Playing with Public (Transportation) Data

As promised a while back after we got our fill playing with the data I would release it to the public to see if you could come up with something interesting. I’d leaked the JSON file to Kars and he applied his skills in visualizing things in processing1 to the dataset.

Then after some more back and forth I retrieved a similar dataset from the ANWB site2: the time to travel a similar distance at a similar time but this time by car3.

The juxtaposition of those two datasets made for some interesting results and some nice applications of interactive filtering. Kars has a full writeup of his process.

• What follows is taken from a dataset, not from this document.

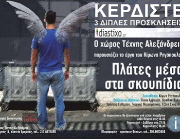 Το diastixo.gr, σε συνεργασία με το νέο χώρο τέχνης Αλεξάνδρεια, προσφέρει στους αναγνώστες του 3 διπλές προσκλήσεις, για το έργο του Κίμωνα Ρηγόπουλου Πλάτες μέσα στα σκουπίδια (για την παράσταση της Παρασκευής 22 Φεβρουαρίου στις 21:15).

So without further ado, here is the dataset under a Creative Commons Attribution license. It’s a JSON file: Traveltimes with as keys a four digit string for the postal code. The value is a dictionary with this key-value mapping:

lat
Latitude GPS coordinate
lng
Longitude GPS coordinate
place
Inferred name of the location
time
The time it takes using public transportation
carTime
The time it takes by car (a small amount of null values where the time could not be retrieved)

All times are from the center of the 4 digit postal code as well as can be determined to Dam Square in Amsterdam around noon on a given day.

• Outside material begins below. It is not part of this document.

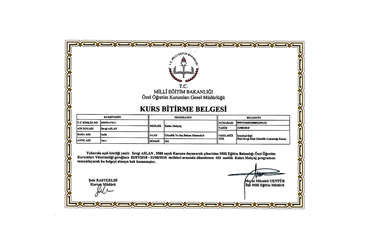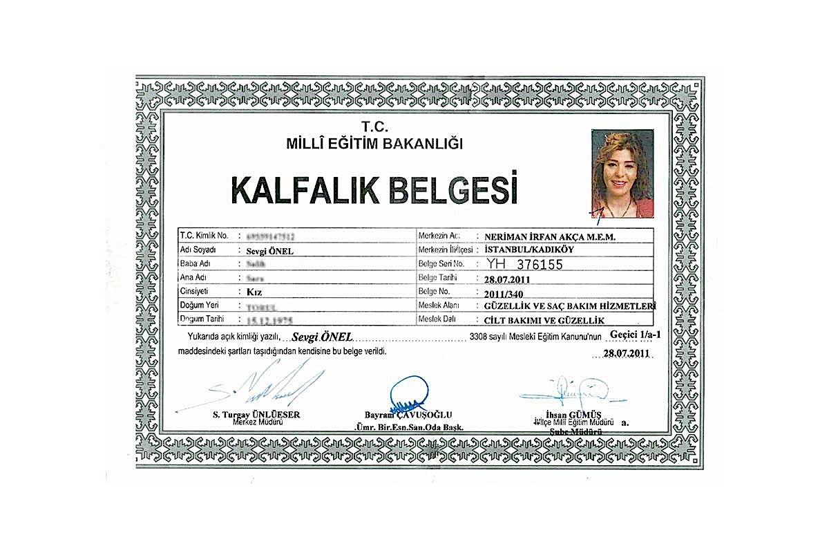 Kurucumuz Sevgi Önel, makyaj ve kalıcı makyaj alanındaki 21 yıllık tecrübesiyle, 2014 Yılında M.E.B Sevgi Önel Güzellik Uzmanlığı Kursu‘nu kurarak güzellik ve bakım sektörüne, farklı alanlarda değerli uzmanlar yetiştirmeye başlamıştır.

I find it interesting (and somewhat appalling) to see how large the difference is between taking the car or going by public transportation. Doing a sampling for 08:00 on Monday morning during rush hour might somewhat equalize this, but I think it’s safe to say that car owners will remain at an advantage.

So next up is e-mailing GroenLinks and Rover to see if they can use this data or these visualizations.

  1. With some help from Ben Fry.
  2. These site operators are so friendly and accomodating.
  3. With historical traffic congestion information added, but because the sampled time was around noon the effect should be negligible.